▶ **WORK ITEM**: From the entries below, print exactly the span beginning with the line holding "where refers to" and ending with the line holding "Coatzacoalcos, Ver.- El", endpoints included, and skip any pictures.

RECORDS SUPPLIED below:

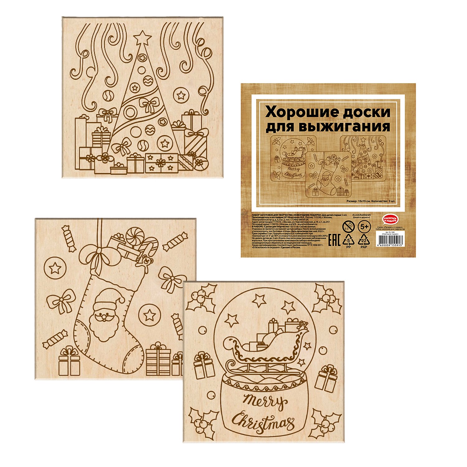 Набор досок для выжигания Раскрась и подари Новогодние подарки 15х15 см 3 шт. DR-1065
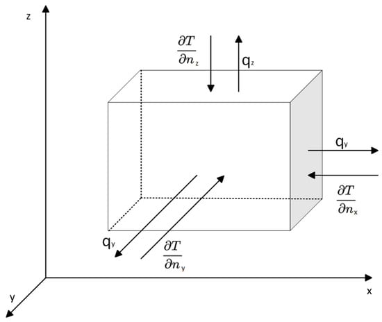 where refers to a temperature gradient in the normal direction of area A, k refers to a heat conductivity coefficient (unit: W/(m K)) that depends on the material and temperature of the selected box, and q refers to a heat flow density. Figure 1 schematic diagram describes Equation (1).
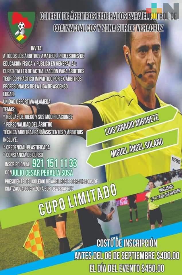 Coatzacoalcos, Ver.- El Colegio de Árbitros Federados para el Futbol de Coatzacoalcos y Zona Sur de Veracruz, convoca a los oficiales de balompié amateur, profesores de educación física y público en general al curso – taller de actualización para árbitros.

End of RECORDS SUPPLIED.
RECORDS SUPPLIED below:

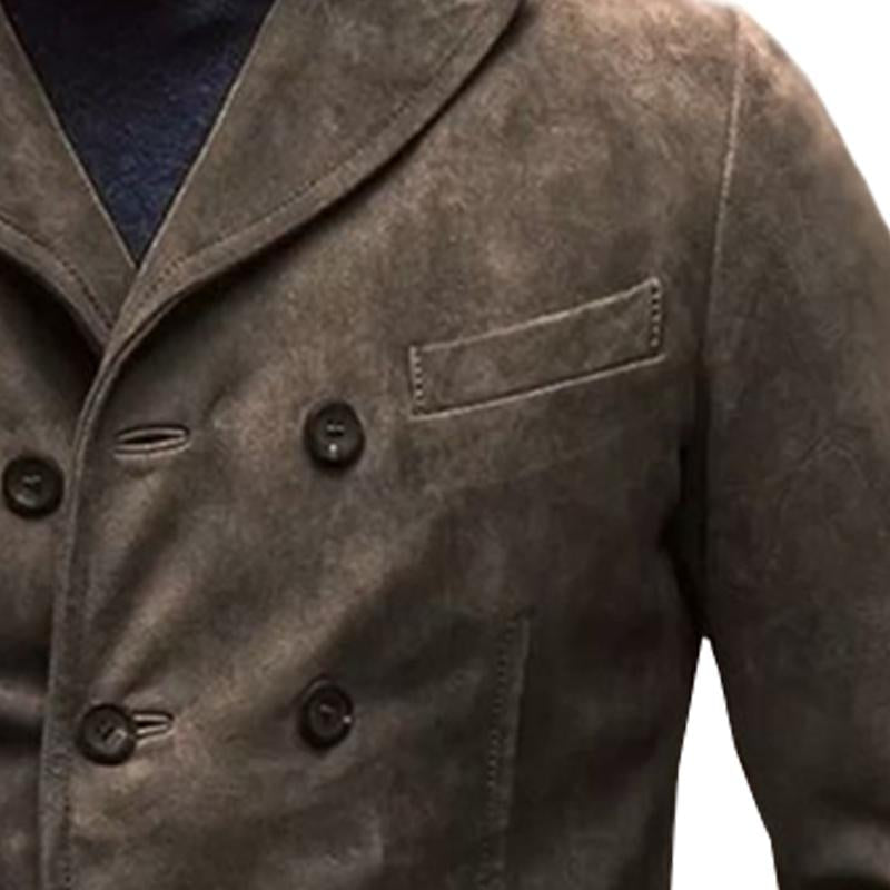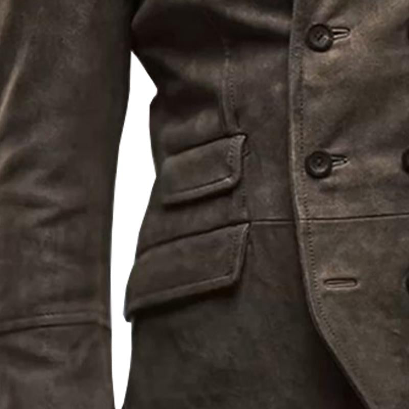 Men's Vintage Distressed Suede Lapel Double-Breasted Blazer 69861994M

End of RECORDS SUPPLIED.

▶ **ANSWER TO THIS EXERCISE**:
 where refers to a temperature gradient in the normal direction of area A, k refers to a heat conductivity coefficient (unit: W/(m K)) that depends on the material and temperature of the selected box, and q refers to a heat flow density. Figure 1 schematic diagram describes Equation (1).
 Coatzacoalcos, Ver.- El Colegio de Árbitros Federados para el Futbol de Coatzacoalcos y Zona Sur de Veracruz, convoca a los oficiales de balompié amateur, profesores de educación física y público en general al curso – taller de actualización para árbitros.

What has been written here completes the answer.